DATA PROVIDED START
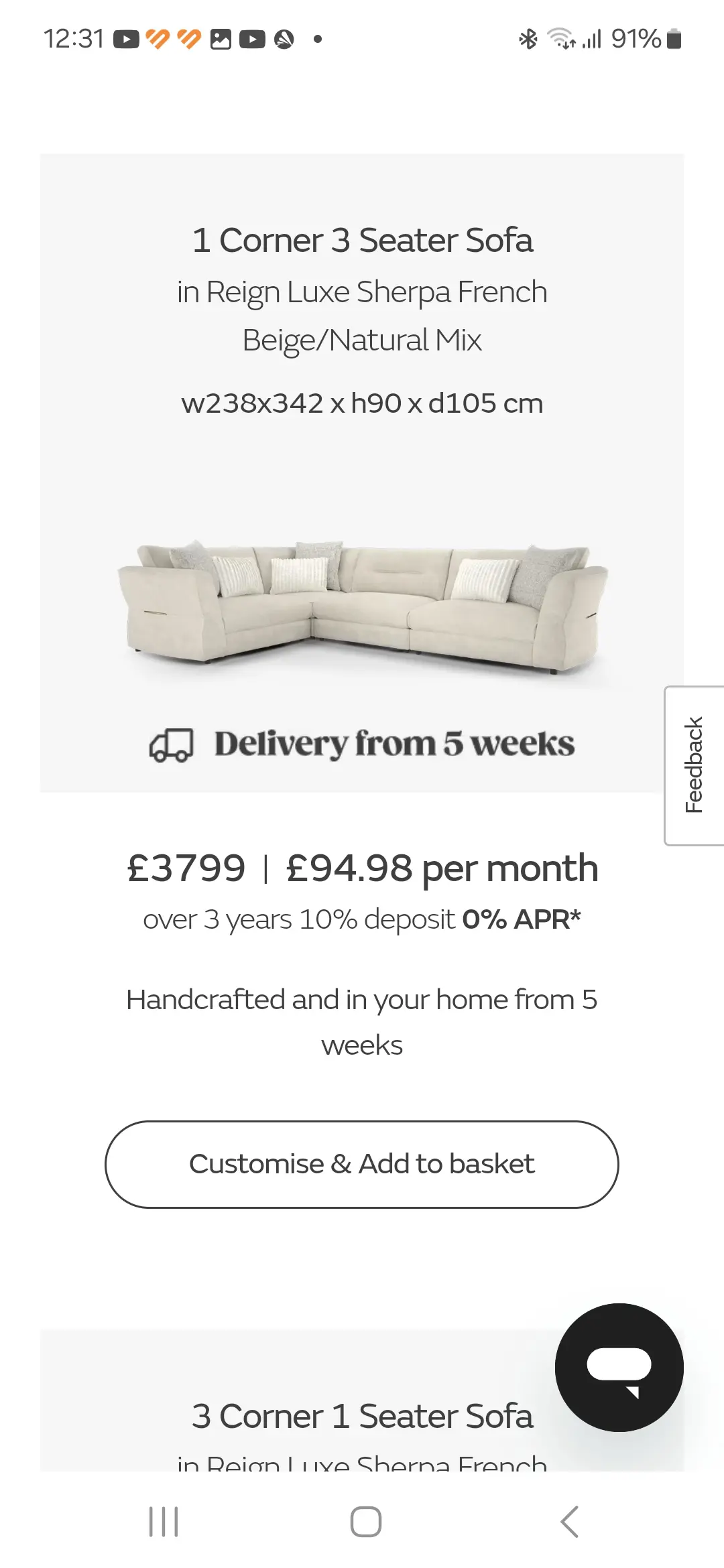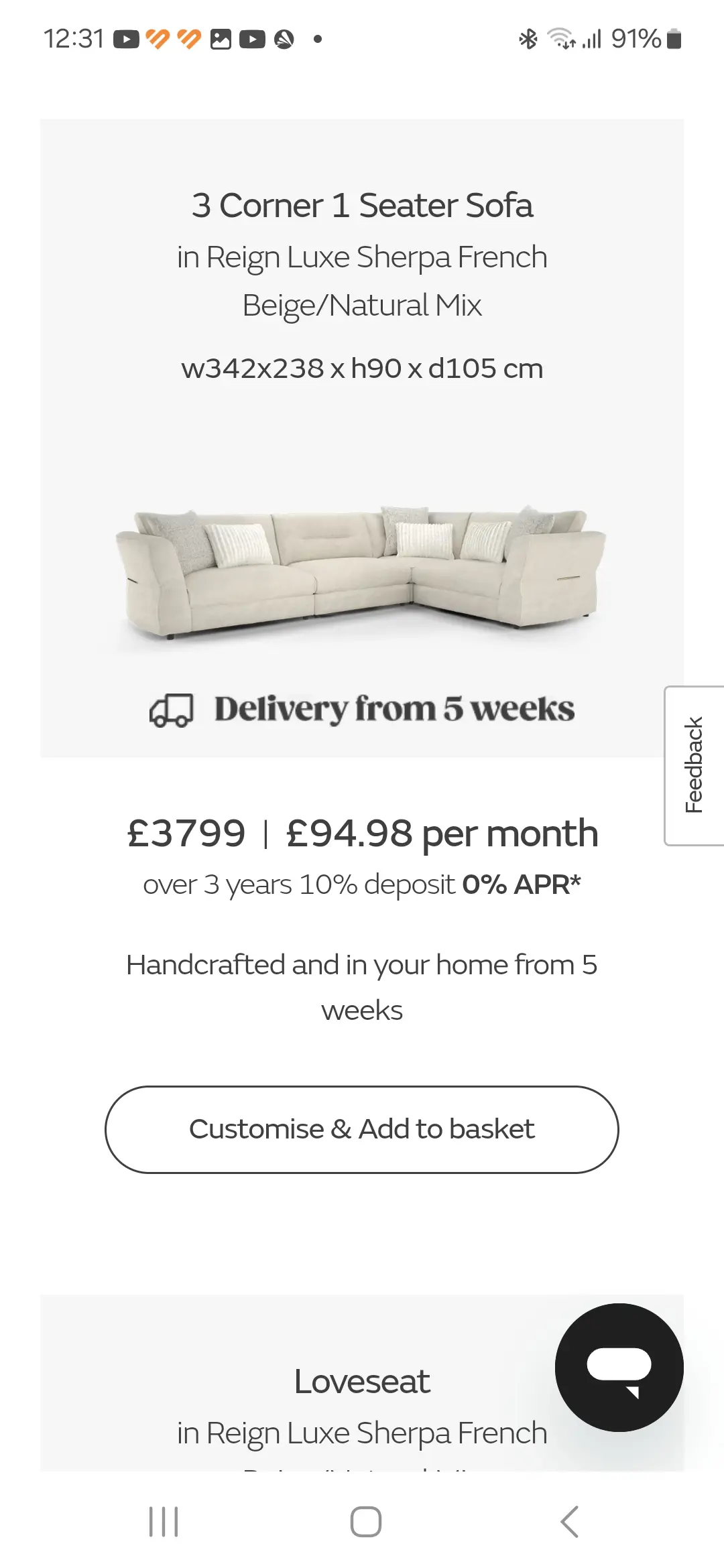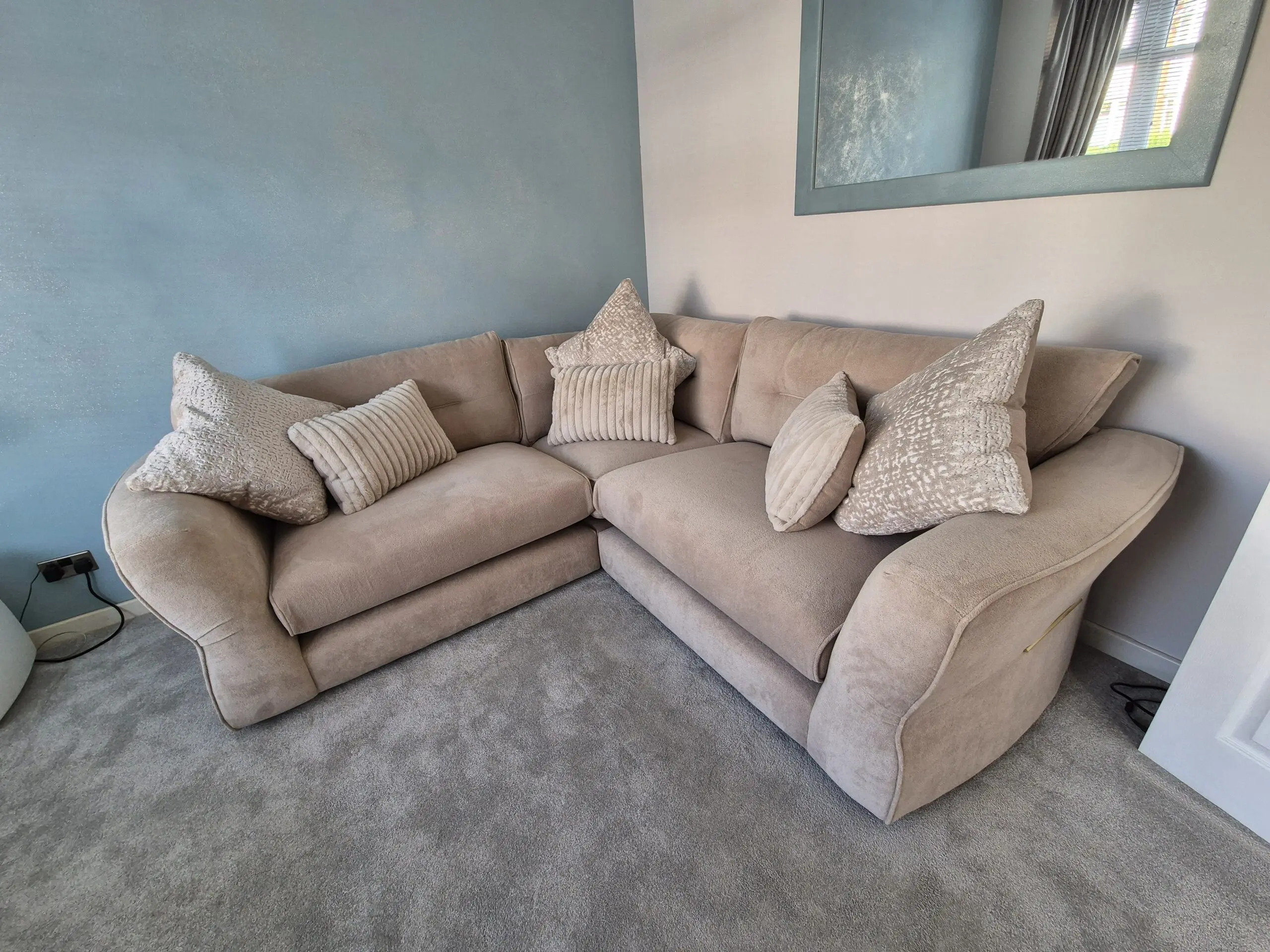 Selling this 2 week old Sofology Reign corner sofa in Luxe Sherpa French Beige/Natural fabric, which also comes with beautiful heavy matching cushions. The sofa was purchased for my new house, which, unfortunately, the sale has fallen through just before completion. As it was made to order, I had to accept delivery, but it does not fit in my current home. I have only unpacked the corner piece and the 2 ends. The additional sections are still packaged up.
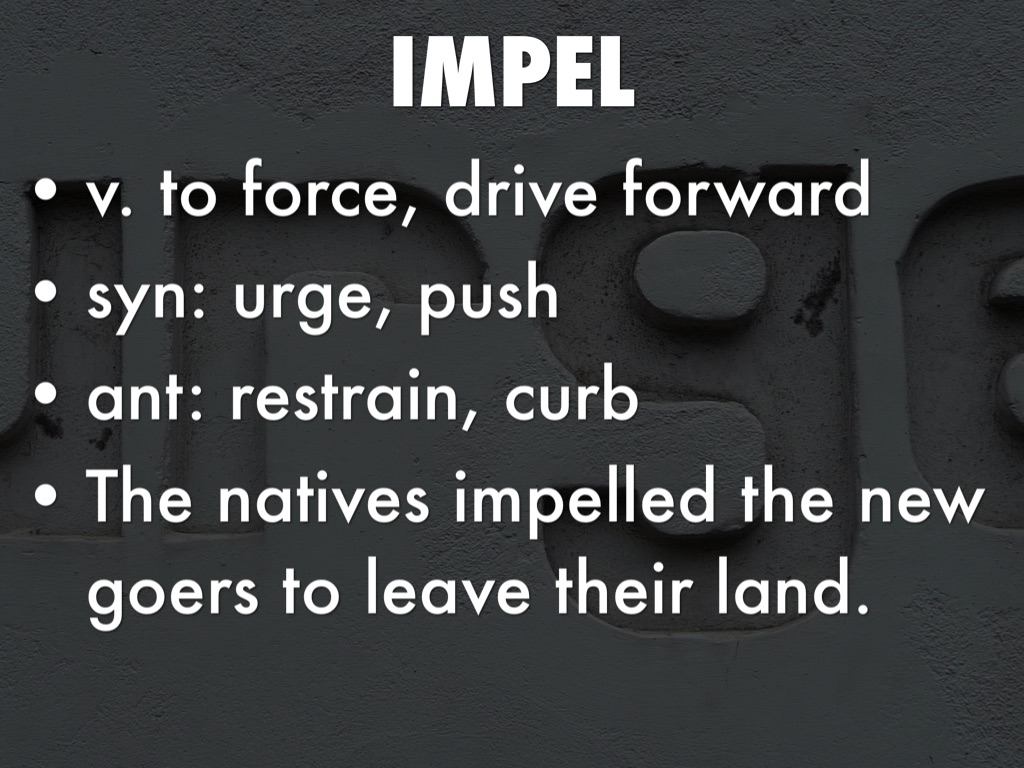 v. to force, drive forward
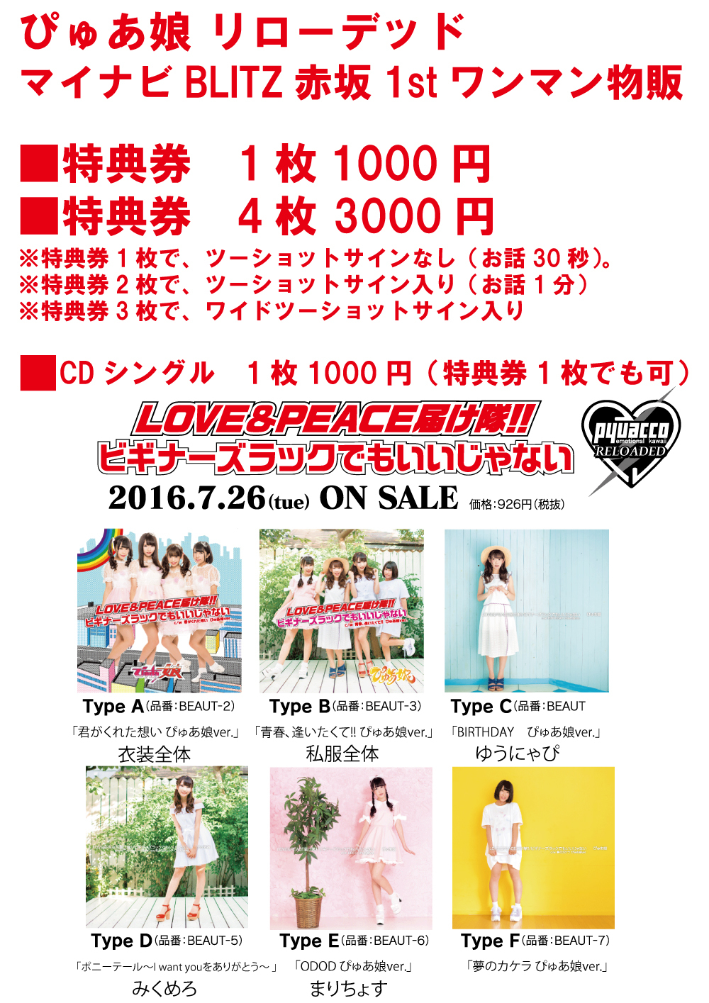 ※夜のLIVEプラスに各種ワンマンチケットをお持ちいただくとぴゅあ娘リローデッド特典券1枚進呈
DATA PROVIDED END
TASK BRIEF
After removing the pictures, transcribe the listing above exactly.

RESPONSE BOX
 Selling this 2 week old Sofology Reign corner sofa in Luxe Sherpa French Beige/Natural fabric, which also comes with beautiful heavy matching cushions. The sofa was purchased for my new house, which, unfortunately, the sale has fallen through just before completion. As it was made to order, I had to accept delivery, but it does not fit in my current home. I have only unpacked the corner piece and the 2 ends. The additional sections are still packaged up.
 v. to force, drive forward
 ※夜のLIVEプラスに各種ワンマンチケットをお持ちいただくとぴゅあ娘リローデッド特典券1枚進呈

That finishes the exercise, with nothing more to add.